Grilled Pork CHop – Seasonal Strawberry Mostarda – Grilled Garlic Scapes – Blue Corn Polenta – Local Goat Cheese & Basil
Fresh Local Vegetables – 3 Herb Creme Frache Dip – Homemade Gluten Free Seed & Nut Crackers
Brown Butter Pan Seared Sea Scallops – Sorrel Pesto – Local Squash & Blossoms – Herb Oil
Baked Local Crab Apples – Pie Spice Oat Crumble – Dark Chocolate & Red Chile Ganache – Edible Chamomile Flowers
Brenda Steele is a private chef & recipe writer, who specializes in menu development. She takes great pleasure in the opportunity to create vibrant, delicious & nourishing meals using high quality local & seasonal ingredients. She particularly enjoys bringing the traditional food practices of: pickling, cheese making, salt curing, fermenting & preserving into her culinary work, along with foraging wild edible flora & fauna to add special touches to a meal.

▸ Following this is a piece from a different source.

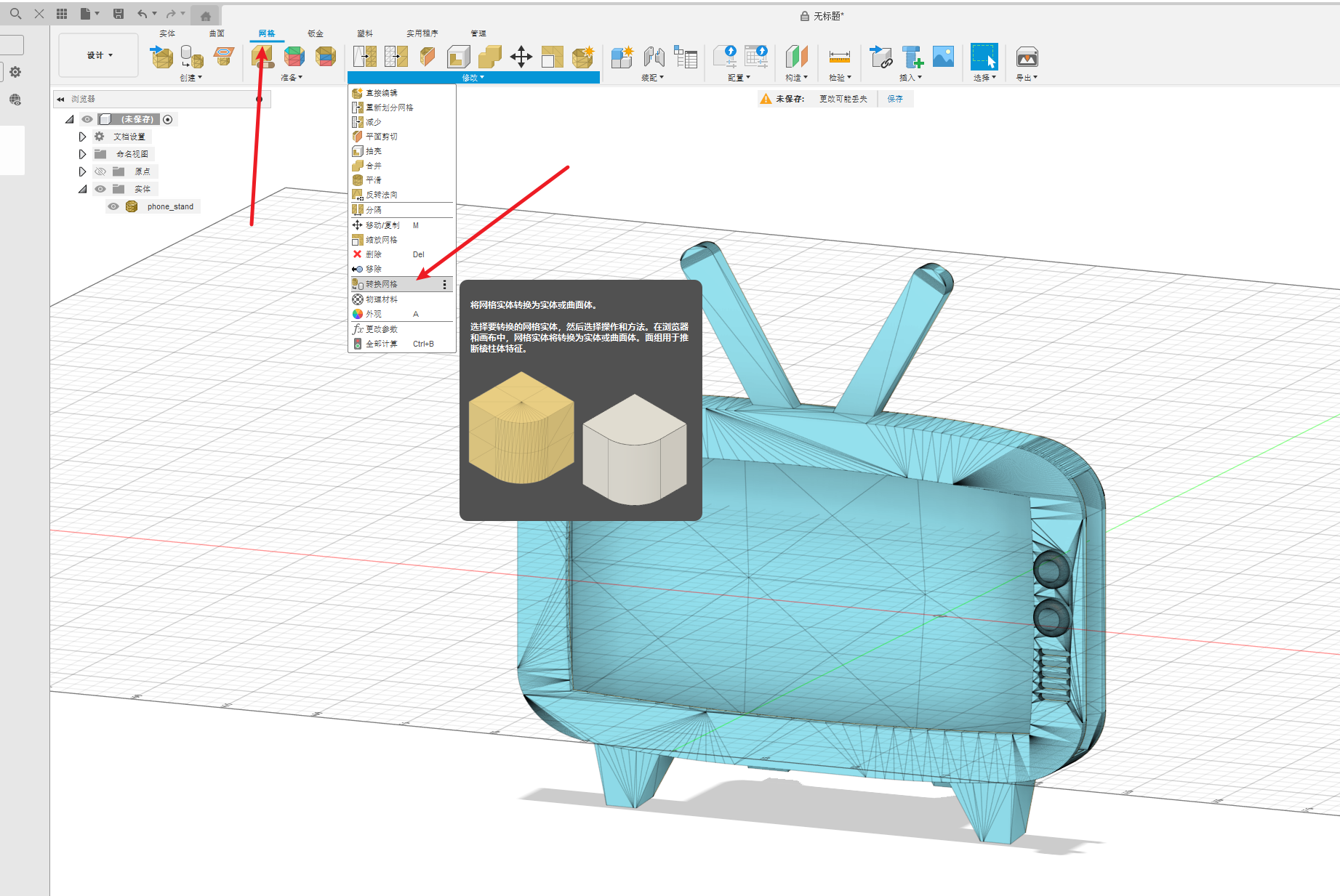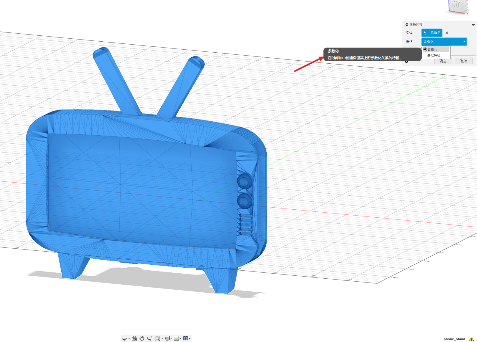 假如网上有一个我们需要的stl文件,但是需要我们导入到fusion 360中进行修改编辑,是不能直接编辑的,因为是网状的文件.需要转换为一个实心的。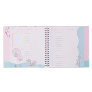 Our Baby Girl’s First Year Memory Bookcaptures the precious memories of baby’s first year. It offers space to record memorable moments and milestones like her first steps and her first tooth, scrapbooking pages for photographs, and a special keepsake pocket for baby’s hospital bracelet or a lock of hair from her first haircut.

For 10 years she worked as a private chef in the professional yachting industry, traveling throughout the globe. She considers her nomadic-chef lifestyle to have played a pivotal role in developing her eclectic & adventurous food aesthetic, as well as her bold & colorful palette; having been profoundly influence by the foods and cultures she has explored over the years.
When she is not developing menus, writing recipes, or hosting a private client dinner, she enjoys rambling alone in the woods for a cache of wild boletes & thimbleberries.